'Le Voyage dans la Lune' - The Film
Created | Updated Apr 23, 2013
Georges Méliès' 1902 film Le Voyage dans la Lune, also known as A Trip to the Moon was both the world's first science-fiction film and the world's first blockbuster. Its image of a rocket landing in the eye of the Moon is one of the most famous in all of film history. Today, over 100 years after it was made, it still enchants audiences.
Plot
Professor Barbenfouillis and five of his fellow members of the Astronomers' Club, who enjoy dressing rather like wizards, decide to travel to the Moon. After changing their pointy hats for more normal headwear, they oversee the construction of a giant gun which will fire their space capsule at the moon. After some pomp and circumstance, they are fired at the moon, landing in the moon's eye.
From the moon they admire an Earthrise before settling down for a good night's sleep, while the stars and planets look on. Suddenly it starts to snow, and so they decide to go inside the Moon via one of its craters. Once inside, they find themselves in a cavern in which giant mushrooms are growing. Indeed, one astronomer's umbrella turns into a giant mushroom!
Also in the cavern they spy a Selenite, one of the Moon's inhabitants. The astronomers decide that the best way to approach this first contact situation is to hit it, and the Selenite promptly explodes. After inexplicably killing a few more Selenites, they are captured and taken before the Selenite ruler, the Grand Lunar, to explain their crimes. Instead they kill him too and run off, with the Selenite army in pursuit.
They flee to the capsule, which has landed next to a cliff edge. The astronomers get inside the capsule, which falls off the cliff back down to Earth while a Selenite holds onto the outside for dear life. It plunges into the sea and is rescued by a ship. The astronomers return home as heroes to a victory parade, where they are given moon-shaped badges and new hats, while the Selenite is captured. A statue of the professor is also unveiled in commemoration of the occasion.
Cast
Character | Actor |
---|---|
Professor Barbenfouillis | Georges Méliès |
Lady in the Moon | Bleuette Bernon |
Captain of the Rocket | Henri Delannoy |
Astronomer | Brunnet |
Astronomer | Farjaut |
Astronomer | Kelm |
Also starring | Jeanne d'Alcy |
Jeanne1 d'Alcy was France's first film actress. She was the first woman to play Joan of Arc, the first woman to be Cinderella's Fairy Godmother and the first woman to play Cleopatra2 on film. She was even the first woman to appear nude on film in cinema's first ever naked scene, 1897's Après le bal, also known as After the Ball, the Bath3. She made the costumes for Le Voyage dans la Lune and later married Georges Méliès in 1926.

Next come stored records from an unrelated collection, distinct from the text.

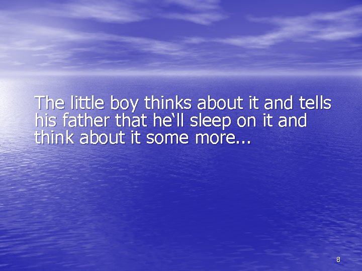 The little boy thinks about it and tells his father that he‘ll sleep on it and think about it some more. . . 8
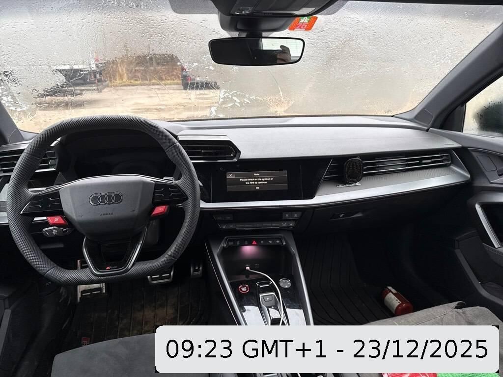 Mèdias: Réception radio numérique, Cockpit virtuel Audi plus mit zusätzlichem RS-Layout, Suspension: suspension sport RS, Mèdias: Audi Soundsystem, Direction progressive, Rétroviseurs extérieurs en noir, Sans Barres de toit, Mèdias: Audi Application Store et interface pour smartphone, Peinture Uni, Pack: Pack optique noir plus, Audi drive select, Appel d’urgence légal, Boîte: Boîte de vitesses manuelle automatisée à 7 rapports, Assist: Audi pre sense front, Détecteur de luminosité et de pluie, Système de nettoyage des phares, Verrouillage central avec télécommande, Décor: Application décorative en carbone Atlas sergé, Mèdias: Audi phone box light, Pack rangement et coffre, Becquet de toit S, Assist: Électronique contrôle de la traction, Sièges AV de sport, Lunette arrière, porte arrière et vitres latérales en verre transparent, Pare-brise avec vitrage athermique et acoustique avec bande de couleur grise, Roues: Affichage du contrôle de la pression des pneus, Feux de circulation diurnes, Éléments extérieurs RS en noir mat, Mèdias: Audi connect appel d’urgence et service avec Audi connect Remote & Control, Direction assistée, Assist: Détecteur de distraction et de fatigue, Lumière: Éclairage du seuil de porte à LED avec projection RS à l’avant, Sièges: dossier de siège arrière, partiellement rabattable, Clé à télécommande sans verrouillage de sécurité, Lumiére: Feu arrière foncé LED avec clignotant dnymique, Décor: Applications d’intérieur aspect vanadium, Système start-stop, Trousse de premiers secours et triangle - de panne, Garantie: Audi Garantie 2 ans / kilométrage illimité - (dès 1re mise en circ.), Roues: Jantes à 5 rayons en Y, noir mat - Taille 9.0 J x 19 / 8.0 J x 19 avec pneus 265/30 R19 et 245/35 R19, Pack: Pack éclairage d’ambiance pro, Tissu: Variante de cuir 2, Volant: Volant contour sport à 3 branches, aplati en haut et en bas - avec multifonction, palettes de commande et satellites de commande, Assist: Avertissement d’abandon de voie avec assistant d’urgence inclus, Assist: Limiteur de vitesse jusqu’à 250 km/h, Sièges: Sièges avant réglables manuellement, Airbag: Airbags pour conducteur et passager avant avec désactivation de l’airbag passager avant, Tissu: Combinaison microfibre Dinamica/similicuir avec surpiqûres en losanges et gaufrage RS, Système antidémarrage, Assist: Reconnaissance des panneaux de signalisation par caméra, Assist: Assistant d’évitement de collision et de changement de direction, Lumière: Phares à LED, Baguettes de seuil RS, Ciel de pavillon en tissu noir, Assist: Assistance de stationnement avec aide au stationnement plus, Lève-vitres électriques AV, Mèdias: Ports USB avec fonction de chargement à l'arrière, Rétroviseurs extérieurs chauffants et réglables électriquement, Programme de stabilité électronique ESP, Roues: Set de réparation pour les pneus (Tire Fit), Système antiblocage des roues (ABS), Pédales en inox, Retrovisore int. con regolabile, Assist: Régulateur de vitesse avec préparation de l’assistant de vitesse adaptatif, Outillage de bord, Suspension: Freins en acier RS à l’avant avec étriers de frein en noir brillant, Audi connect Navigation & Infotainment plus, Airbag latéral à l’avant, avec airbag latéral de tête et airbag interactif à l’avant, Climat: climatisation automatique confort 2 zones, Sièges: Commande de bouclage des ceintures avec détection d'occupation des sièges arrière
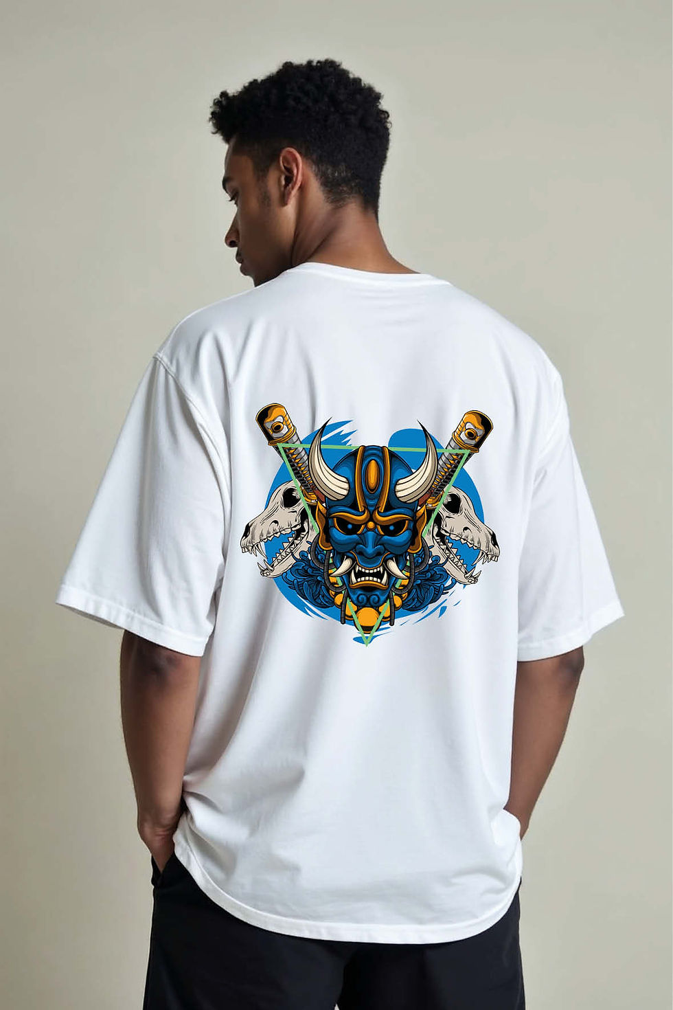 Oni Samurai Skull Urban Streetwear Unisex Drop Shoulder Oversized T-Shirt
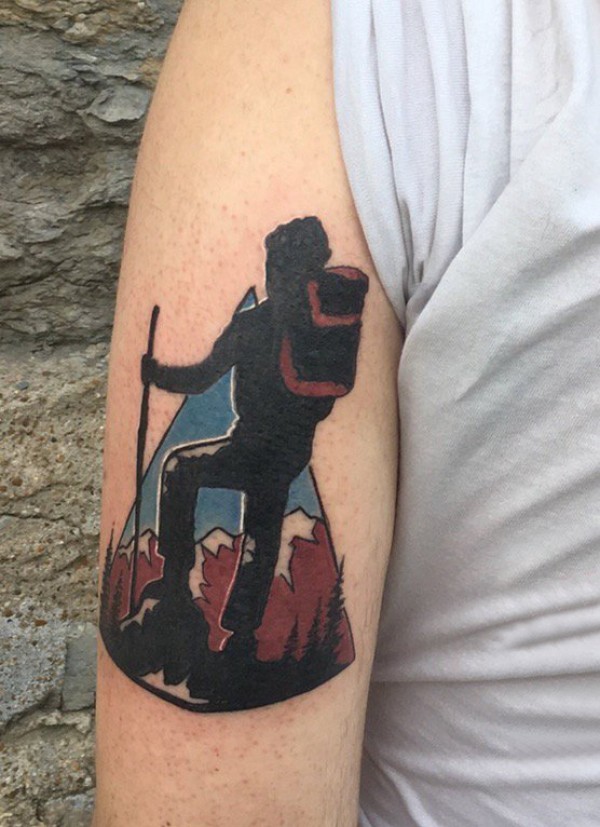 男生手臂上彩绘水彩素描创意登山风景纹身图片
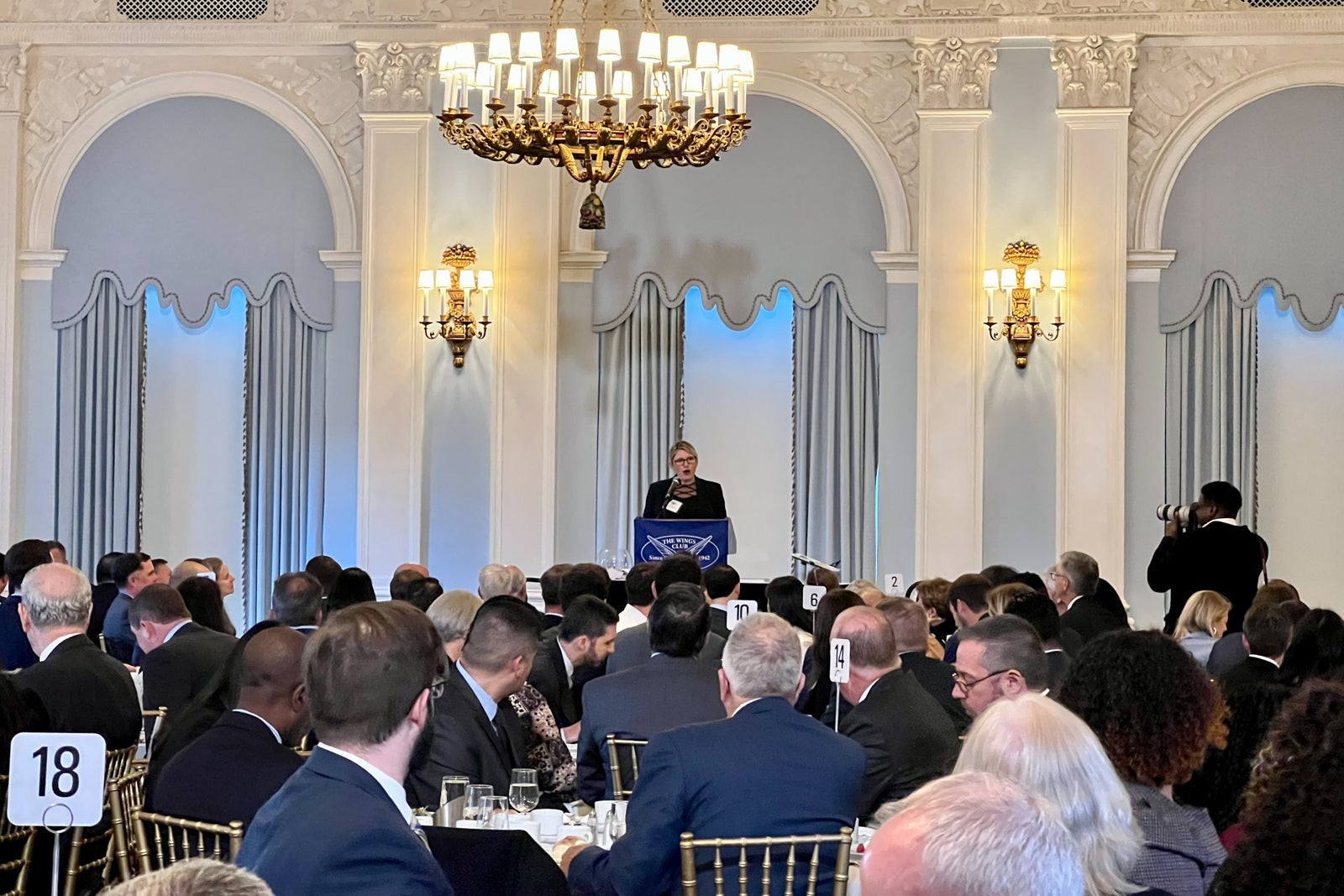 Geraghty was addressing a room full of roughly 250 well-dressed aviation executives, bigwigs and other industry dignitaries at the monthly Wing's Club luncheon on Thursday at the Yale Club in Midtown Manhattan.
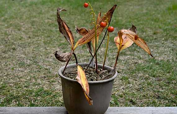 今回は日本スズランの植え替えをご紹介。上画像は、この春この品種として我が家史上最高の花付きを達成しましたが、その裏で最後の植え替えから丸々2年が経過しており、ポット内はさぞかし・・・と思いを巡らせつつ、掘り上げた様子がこちら。完膚なきまで根が回り切って、白い塊に成り果てています。 植替えには、先ずこの塊を解さなくてはいけません。どこから手を付けるのがベストか、右から、左から、後ろから・・・と、眺め回しましたが、ここっ! というポイントはに見つからず、ヒゲ根が短そうな場所から解しにかかりました。結局、この解し作業に1時間以上を費やしてしまいました。 こうして手間をかけて取り出した中から、冬芽のサイズが大きいもの5点を選抜して、新たなポット(6号プラ鉢)に植え付けた様子がこちらです。感覚的に、来春も5芽の花茎を期待しても良さそうです。定着前に極端な冷え込みが来ないことを祈るばかりです。
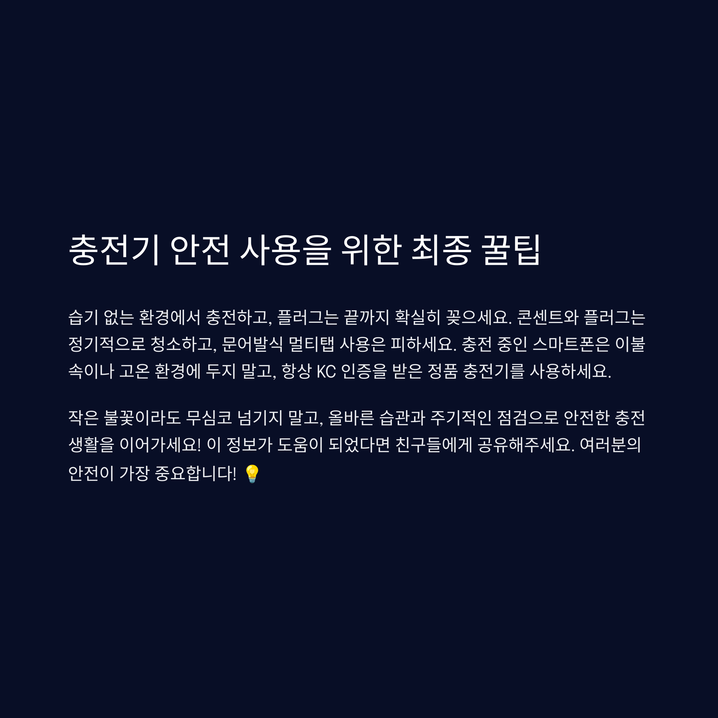 충전기 스파크에 대한 불안감을 해소하고 안전한 스마트폰 충전 환경을 만들기 위한 핵심 꿀팁들을 다시 한번 정리해 드립니다.
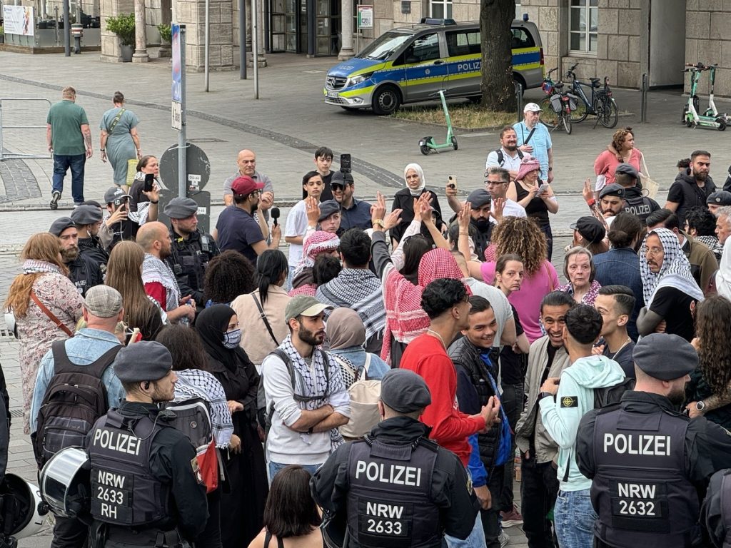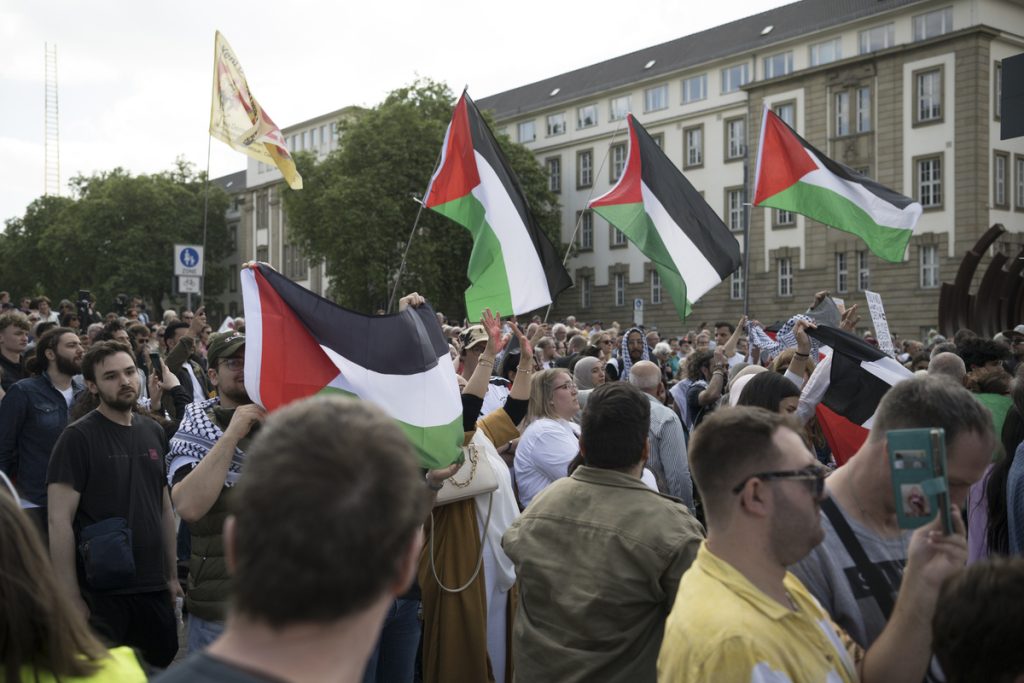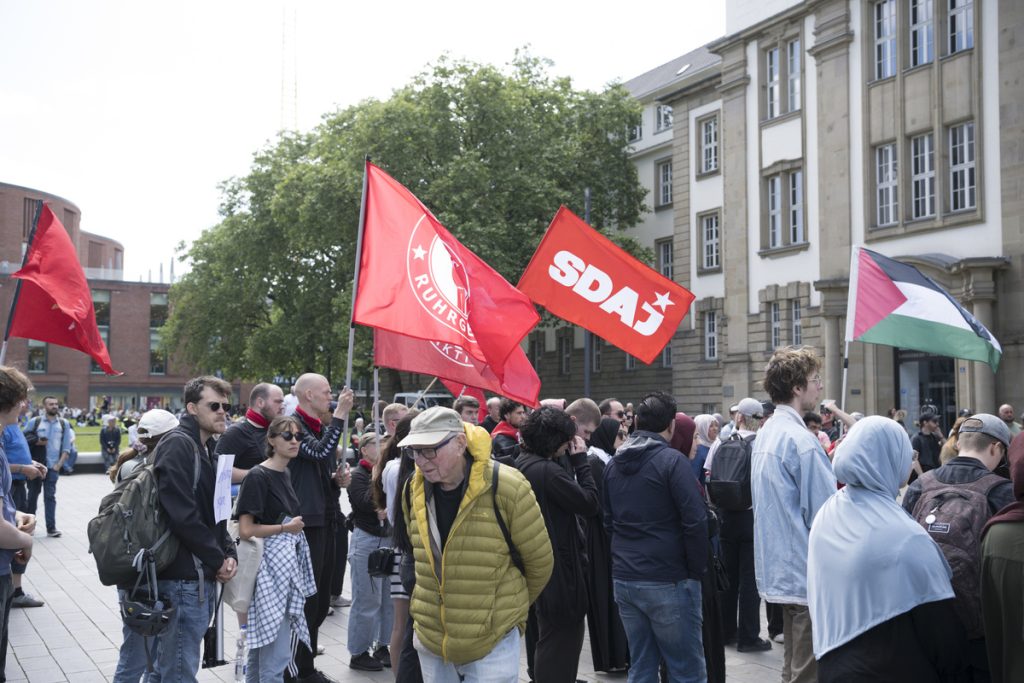Gegen Störungen, aus dem Umfeld von Duisburger Hamas-Fans, ging die Polizei während der Kundgebung leider kaum vor.
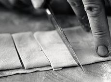 Cut the sheets to about the length of a shoebox. Fold them over twice, making sure you have dusted them generously on both sides with flour. Now cut into slices approximately 4cm/1 1/2 inches wide (see picture on left) and you have your pappardelle. Remember to gently toss and jiggle the pappardelle around to separate the lengths of pasta once you have cut them. This will remove any excess flour.

The stars and girls were played by ballet girls from the Théâtre du Châtelet and acrobats from the Folies Bergère played the Selenites.
Georges Méliès
Georges Méliès was the son of a wealthy shoemaker. He was never interested in the family business, and was fascinated by magic and the theatre rather than the business world of shoes. In 1888 he sold off his father's business, buying the Robert-Houdin Théâtre for Magic in Paris.
The story of his greatest achievement, Le Voyage dans la Lune, begins on the day that the cinema was born. On 22 March, 1895 the Lumière brothers projected a 1-minute 800-frame film entitled Sortie des usines Lumière, translated as Leaving the Lumière Factory, at the Société d'Encouragment pour L'Industrie Nationale. In the audience was Georges Méliès, the owner of the théâtre Robert-Houdin in Paris. When he asked Antoine Lumière, the father of the Lumière brothers, about purchasing a film camera and projector that night, he was told:
The invention is not for sale, it would be the ruin of you. It can be exhibited for a while due to its scientific interest, but apart from that the machine has no future.
Despite this, he was one of the first to convert to the new medium, displaying the Lumières' films in his own theatre in 1896. Shortly after he bought a camera, it jammed for a moment when he was filming a busy street scene. When he watched the film back, it appeared that a bus had turned into a hearse. In that moment, special effects were born.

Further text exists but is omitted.